Updated: Apr 15, 2019


If one is reading this with the expectation that this post will condemn others for “sleeping around,” the reader may be disappointed or surprised. Likewise, if one is reading this with the expectation that this post will condone this sleeping around behavior or give them the “okay,” they may be disappointed as well. I hope to present a viewpoint that is both biblical and responsible as we wrestle with this question: Is sex before marriage okay? I humbly ask that you go on this journey with me.


Let’s begin.


There is no doubting that the bible is clear about sexual immorality:


Let marriage be held in honor among all, and let the marriage bed be undefiled, for God will judge the sexually immoral and adulterous. -Hebrews 13:4


Now the works of the flesh are evident: sexual immorality, impurity, sensuality, idolatry, sorcery, enmity, strife, jealousy, fits of anger, rivalries, dissensions, divisions, envy, drunkenness, orgies, and things like these. I warn you, as I warned you before, that those who do such things will not inherit the kingdom of God. Galatians 5:19-21


For this is the will of God, your sanctification: that you abstain from sexual immorality; that each one of you know how to control his own body in holiness and honor, not in the passion of lust like the Gentiles who do not know God. 1 Thessalonians 4:3-5


The Bible is clear that sexual immorality is a sin. There is no debate here.


But does this necessarily answer our question?


Over the last few decades (especially within the Evangelical Conservative Purity Culture), it has been taught that sex before marriage is terrible.

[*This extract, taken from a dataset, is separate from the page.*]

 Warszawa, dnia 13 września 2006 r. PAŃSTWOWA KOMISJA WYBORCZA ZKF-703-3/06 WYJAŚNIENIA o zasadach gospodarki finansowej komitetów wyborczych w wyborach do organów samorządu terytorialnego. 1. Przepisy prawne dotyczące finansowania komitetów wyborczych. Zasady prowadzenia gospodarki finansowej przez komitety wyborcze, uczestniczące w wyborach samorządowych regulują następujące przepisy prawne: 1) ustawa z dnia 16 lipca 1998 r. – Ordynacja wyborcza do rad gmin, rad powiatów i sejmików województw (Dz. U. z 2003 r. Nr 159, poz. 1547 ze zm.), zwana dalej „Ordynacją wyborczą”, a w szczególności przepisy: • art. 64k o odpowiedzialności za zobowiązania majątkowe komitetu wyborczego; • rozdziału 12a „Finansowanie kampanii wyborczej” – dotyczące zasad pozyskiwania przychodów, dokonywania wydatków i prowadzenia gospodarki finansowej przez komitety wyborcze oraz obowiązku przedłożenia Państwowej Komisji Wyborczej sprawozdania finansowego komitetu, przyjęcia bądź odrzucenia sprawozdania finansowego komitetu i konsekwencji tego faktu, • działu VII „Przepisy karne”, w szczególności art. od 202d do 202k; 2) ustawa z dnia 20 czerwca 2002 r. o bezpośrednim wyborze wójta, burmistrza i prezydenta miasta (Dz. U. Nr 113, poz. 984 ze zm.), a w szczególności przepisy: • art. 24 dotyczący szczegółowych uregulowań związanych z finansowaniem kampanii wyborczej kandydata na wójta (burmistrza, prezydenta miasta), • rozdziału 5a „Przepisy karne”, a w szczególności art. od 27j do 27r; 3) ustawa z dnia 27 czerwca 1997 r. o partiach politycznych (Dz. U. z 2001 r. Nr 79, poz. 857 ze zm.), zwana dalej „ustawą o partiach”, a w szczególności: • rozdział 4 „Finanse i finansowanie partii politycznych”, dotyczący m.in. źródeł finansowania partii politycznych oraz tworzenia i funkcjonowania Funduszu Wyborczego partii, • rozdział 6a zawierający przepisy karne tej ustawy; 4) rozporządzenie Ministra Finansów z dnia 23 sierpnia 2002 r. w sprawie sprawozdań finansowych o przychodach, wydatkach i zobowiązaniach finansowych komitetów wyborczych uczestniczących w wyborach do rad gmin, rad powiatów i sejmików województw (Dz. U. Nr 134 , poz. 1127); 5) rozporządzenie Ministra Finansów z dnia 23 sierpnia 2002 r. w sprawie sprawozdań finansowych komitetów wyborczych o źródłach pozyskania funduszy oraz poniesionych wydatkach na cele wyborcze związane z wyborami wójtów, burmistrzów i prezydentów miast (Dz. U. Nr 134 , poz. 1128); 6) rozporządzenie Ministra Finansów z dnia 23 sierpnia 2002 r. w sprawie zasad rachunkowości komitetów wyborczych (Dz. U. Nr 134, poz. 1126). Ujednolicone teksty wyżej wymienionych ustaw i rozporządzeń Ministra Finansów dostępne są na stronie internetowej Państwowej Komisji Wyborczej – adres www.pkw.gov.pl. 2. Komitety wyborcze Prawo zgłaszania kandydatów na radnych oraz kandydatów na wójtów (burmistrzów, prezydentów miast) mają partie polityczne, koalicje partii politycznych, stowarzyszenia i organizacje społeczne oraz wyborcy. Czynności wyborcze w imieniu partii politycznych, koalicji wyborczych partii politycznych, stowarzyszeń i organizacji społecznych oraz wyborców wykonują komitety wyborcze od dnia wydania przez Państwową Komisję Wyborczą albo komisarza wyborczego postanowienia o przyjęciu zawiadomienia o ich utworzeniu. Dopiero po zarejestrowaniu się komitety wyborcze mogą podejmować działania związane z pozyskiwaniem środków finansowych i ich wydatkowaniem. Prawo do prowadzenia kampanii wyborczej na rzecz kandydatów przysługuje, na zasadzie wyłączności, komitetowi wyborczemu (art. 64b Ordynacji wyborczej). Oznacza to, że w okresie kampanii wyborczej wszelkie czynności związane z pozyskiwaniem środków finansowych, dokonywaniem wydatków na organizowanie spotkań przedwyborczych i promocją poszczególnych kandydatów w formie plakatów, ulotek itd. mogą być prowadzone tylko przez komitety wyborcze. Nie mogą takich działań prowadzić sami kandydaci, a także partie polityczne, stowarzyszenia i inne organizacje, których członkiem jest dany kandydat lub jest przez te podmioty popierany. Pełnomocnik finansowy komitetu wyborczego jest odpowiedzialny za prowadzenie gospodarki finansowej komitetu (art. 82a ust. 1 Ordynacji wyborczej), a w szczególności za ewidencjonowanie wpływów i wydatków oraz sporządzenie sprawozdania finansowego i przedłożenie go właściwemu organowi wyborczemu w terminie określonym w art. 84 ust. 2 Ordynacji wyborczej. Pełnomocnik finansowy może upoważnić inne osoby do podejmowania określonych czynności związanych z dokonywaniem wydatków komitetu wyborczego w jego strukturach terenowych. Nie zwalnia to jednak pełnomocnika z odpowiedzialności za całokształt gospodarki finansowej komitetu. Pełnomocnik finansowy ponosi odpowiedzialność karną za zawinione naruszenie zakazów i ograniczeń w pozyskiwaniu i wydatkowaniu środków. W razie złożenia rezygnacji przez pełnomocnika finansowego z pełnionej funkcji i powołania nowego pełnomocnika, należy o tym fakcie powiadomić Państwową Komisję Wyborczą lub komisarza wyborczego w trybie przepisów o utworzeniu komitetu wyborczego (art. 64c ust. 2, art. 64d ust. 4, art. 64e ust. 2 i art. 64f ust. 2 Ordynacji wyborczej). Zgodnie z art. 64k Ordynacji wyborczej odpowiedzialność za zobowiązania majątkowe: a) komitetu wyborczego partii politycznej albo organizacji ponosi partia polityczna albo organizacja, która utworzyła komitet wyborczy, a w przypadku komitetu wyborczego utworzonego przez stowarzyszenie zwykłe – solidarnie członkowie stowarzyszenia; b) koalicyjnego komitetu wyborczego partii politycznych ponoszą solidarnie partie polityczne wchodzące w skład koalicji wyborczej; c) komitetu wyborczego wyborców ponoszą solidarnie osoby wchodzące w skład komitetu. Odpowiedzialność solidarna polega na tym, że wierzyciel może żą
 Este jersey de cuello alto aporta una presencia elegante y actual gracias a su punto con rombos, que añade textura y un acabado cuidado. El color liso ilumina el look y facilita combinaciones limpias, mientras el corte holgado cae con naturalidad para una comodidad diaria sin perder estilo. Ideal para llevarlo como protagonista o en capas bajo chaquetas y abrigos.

In this culture, those who have sex before marriage is often considered to be “damaged goods” or “ruined” (mainly taught to young women). Ironically, it is also taught in these lessons that sex after marriage is this glorious spectacular event that is supremely orchestrated by God. Of course, this is not every evangelical church, but enough that this is considered common knowledge—particularly among millennials.


One might wonder: how is sex – a thing that is supposed to be good and amazing – be inherently bad in one instance, but also good if “done in the right context?” It is this type of teaching that has potentially plagued the church in this area for the last several decades.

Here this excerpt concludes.